While obviously speculative, Woolf is one of the earliest writers of a speculative work to focus entirely on gender issues. Even beyond feminism, the novel subverts cisgender romance and can be read as a transgender text. Also, Woolf is one of the first, if not the first, lesbian speculative writer—yet I’d never heard her name mentioned in conversations about early speculative fiction.
Perhaps Woolf’s Orlando undermines both literary fiction and SF. In The Big Book of Science Fiction by Ann and Jeff Vandermeer, a passing reference is made to Woolf in the introduction:
“It is also worth remembering that in the wider world of literature writers outside of science fiction were trying to grapple with the changing nature of reality and technological innovation. After World War I, […] Virginia Woolf and others experimented with the nature of time and identity in ways that at times had a speculative feel to it.”
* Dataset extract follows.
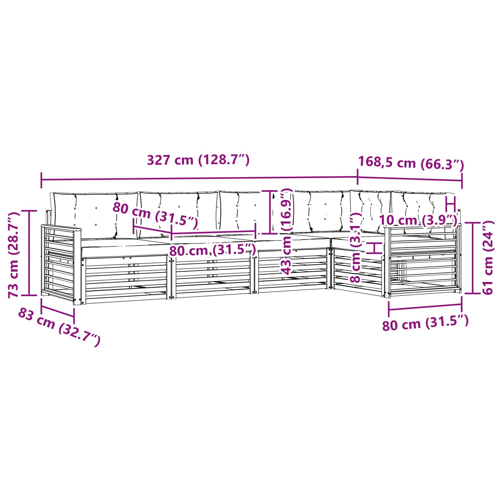 - 5 x Cuscino per Seduta: 80 x 80 x 8 cm (LxWxH)

I would respectfully disagree as to the description of Woolf’s Orlando as having “a speculative feel” rather than calling it straight speculative fiction (perhaps that definition would better fit a novel such as To the Lighthouse). Even if Orlando is just a one-off from Woolf, why does it not receive more recognition? Mary Shelley was a one-off as well, yet she maintains her figurehead as the mother of science fiction.
Perhaps the heteronormative society got in the way of Woolf receiving recognition for her time-travel novel. Even among her own progressive contemporaries in the Bloomsbury group, lesbians were looked down upon while homosexuality was more celebrated, as depicted by this interaction between Woolf and E. M. Forster: “He said he thought Sapphism disgusting; partly from the convention, partly because he disliked that women should be independent of men.” Considering science fiction in the 1920s, the pulps, and the following Golden Age, weren’t always forward thinking when it came to feminism, let alone non-binary characters, perhaps Woolf’s contribution to science fiction has been buried.
In the Ivory Tower, Orlando: A Biography is rarely mentioned in modern literature surveys and is relegated to women’s and gender studies classrooms. In my experience, Woolf was the token woman writer in the modernist section, with either To the Lighthouse or Mrs. Dalloway on display. While gender plays a part in both novels, it isn’t as revolutionary as Orlando.
Perhaps Virginia Woolf was too forward thinking for both SF and literary fiction.